Sunday 3 February 2019

Summarising The Main Point Made In This Section

Fawcett (2010: 63-4):
Let me summarise the main point that is made in this section. This is that, even if Halliday turns out to be right about the need to add another level of system networks above those in the 'meaning potential' of the lexicogrammar (which I do not think he is), it does not necessarily follow that we must deny that there is also realisation between the established levels of the generative apparatus that I have described in Chapter 3 (this generative apparatus being exemplified both in Appendix A and in Halliday's own early generative grammars). To assert that the only relationships involved in Figure 5 — and so in Figure 4 — are ones of 'instantiation' would be to sacrifice the great insight of the later 1960s and early 1970s that the system networks of TRANSITIVITY, MOOD, THEME etc. are choices in meaning.* And for what would this sacrifice be made? Ultimately, it would be for the abstract (and undesirably limiting) notion that the specification of the 'potential' at every level of language necessarily has the form of a system network. The more desirable alternative, as our work in the COMMUNAL Project at Cardiff has shown, is to allow that a full model of language in use may require different ways of specifying the 'potential'. Indeed this concept is illustrated in the outline proposed in Chapter 3, in that we saw there that it is the role of the realisation rules to specify the 'form potential'.
* It would not solve the problem to label them as 'formal meaning' in contrast with 'semantic meaning' ; they are still patently more semantic than their syntactic correlates.


Blogger Comments:

[1] To be clear, as already explained, the distinction between semantic networks and grammatical networks provides a systematic means of accounting for grammatical metaphor.

[2] Here again Fawcett confuses the systemic potential of language (meaning potential) with the stratum of lexicogrammar.

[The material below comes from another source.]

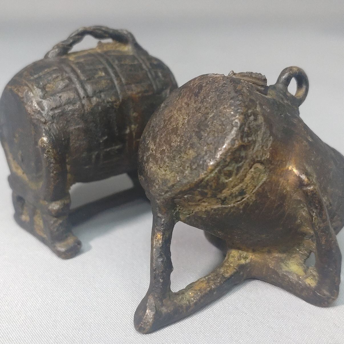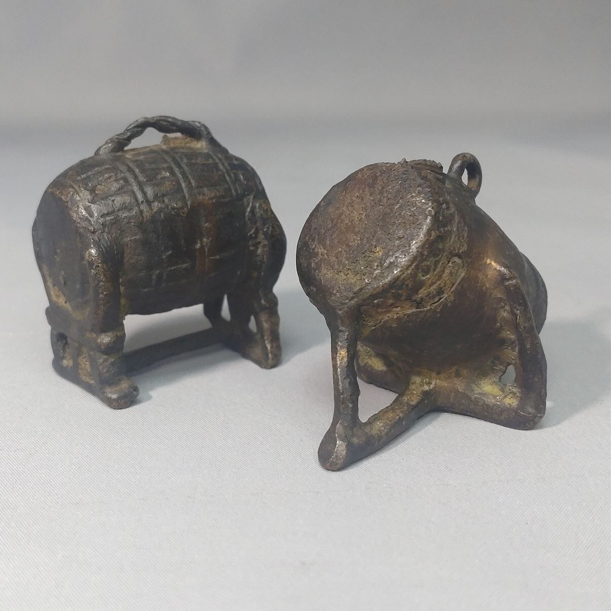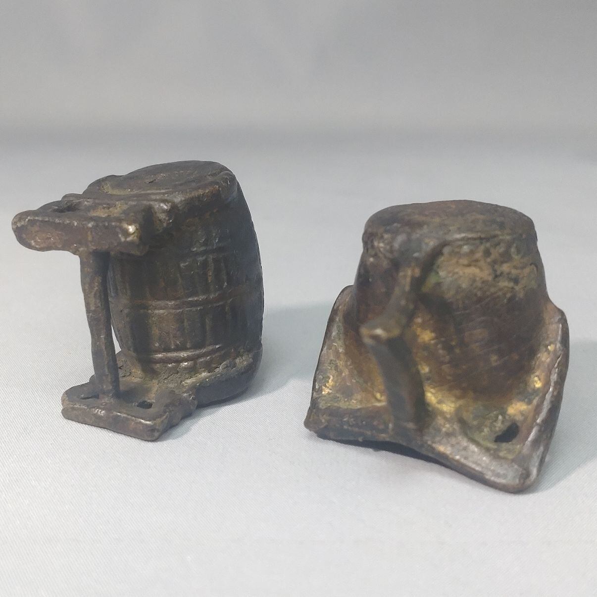 銅製の太鼓の置物2個セットです。高さ3cmとかわいらしいサイズのお品です。

[3] To be clear, the 'generative apparatus' is Fawcett's flowchart (Figure 4).  As previously explained many times, it is based on misunderstandings of axis, stratification and instantiation, as well as being internally inconsistent.

[4] This is potentially misleading. To be clear, the exemplication of Fawcett's flowchart in Appendix A involves a system network and realisation rules.  It is this that it has in common with "Halliday's own early generative grammars".  The system itself confuses semantics (a system for 'thing') with lexicogrammar (nominal group features); see the earlier critique here.

[5] As previously explained, this is Fawcett's misunderstanding, deriving from the misunderstandings inherent in his own model.

[6] On the one hand, this is a non-sequitur inferred from a false premiss. On the other hand, in SFL theory, the system networks of TRANSITIVITYMOODTHEME etc. are choices in wording that realise meaning, and in the absence of grammatical metaphor, the wording and meaning agree (are congruent).

[7] On the one hand, 'undesirably limiting' is merely interpersonal attitude (negative appreciation) falsely presented as if logical argument.  On the other hand, the system network is the formalism of Systemic Functional Linguistics, embodying the fundamental principle of meaning as choice.

[8] Again, 'more desirable' is merely interpersonal attitude (positive appreciation) falsely presented as if logical argument.  The claim that work has shown this to be so is merely Fawcett's own assessment, made without providing the evidence on which it is based.

[9] This is potentially misleading.  The only alternative to system networks for representing potential that Fawcett proposes is realisation rules/statements (Figure 4), and in SFL theory, these are located in system networks.

[10] To be clear, in SFL theory, this contrast is the stratificational distinction of wording (lexicogrammar) and meaning (semantics), these being two levels of symbolic abstraction modelling the same phenomenon: linguistic content.